Yes, he says he wants to protect the schools and his own kids from further cuts. But he is also saying that he will cut $5.3 billion out of the schools before he will touch other things, either the ones he mentions or the ones he doesn’t: prison guard pay, prisons, support for local government, tax credits for Hollywood, health care programs, parks, and so on. To even suggest that there are alternatives to cutting the schools is, he tells us, not “real.” They are unthinkable.

Not so further school cuts. If voters pick the chopping block over Prop 30, the senator and his legislative colleagues want the schools to be first in line for a decapitation.

Lieu is not alone. For more than 30 years California leaders and voters have said that schools are their highest priority. Then they have turned around and have done just the opposite.

Thirty years ago California’s per-pupil spending was higher than the national average; now it is more than $2000 below. The percentage of personal income that California spends on schools is near the bottom of the states; the gap between California’s effort in financing schools and the national average is wider than it has been at any time in the last 40 years. The state is spending $18 billion less on the schools than it would be spending if it were still at the national average.

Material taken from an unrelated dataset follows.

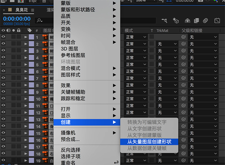 選中圖層(這里我全部選擇了),右鍵——創(chuàng)建——從矢量圖層創(chuàng)建形狀,結(jié)果如下圖。

Where has that money gone? Much of it is in the bank accounts and pensions of police, firefighters, and prison guards. As I have explained here before, California has shifted about $10-$11 billion a year from other public services to badges and bugles. This extra spending does not buy more safety. It consists almost entirely of higher compensation for correctional officers, police, and firefighters, whose pay and pensions dwarf the levels elsewhere. Other dollars have gone to things that voters and leaders have prioritized ahead of schools: Sen. Steinberg’s mental health initiative, stem cell research, children’s hospital construction, infrastructure bonds, tax cuts.

That is why Molly Munger has inspired such fury in the state’s political and media elites. She is exposing their hypocrisy, and ours. Instead of just talking about loving the schools and then putting most of the dollars elsewhere, as Prop 30 does, she is actually proposing with Prop 38 to raise taxes on a large chunk of Californians and to invest most of $10 billion a year for 12 years into the schools in a way that will be hard for the teachers unions to put into their members’ pockets.

Whatever you think about the merits of the two measures, you have to give her credit. When Molly Munger calls the governor and his Prop 30 supporters impostors posing as friends of schools, she may be impolite, but she is right.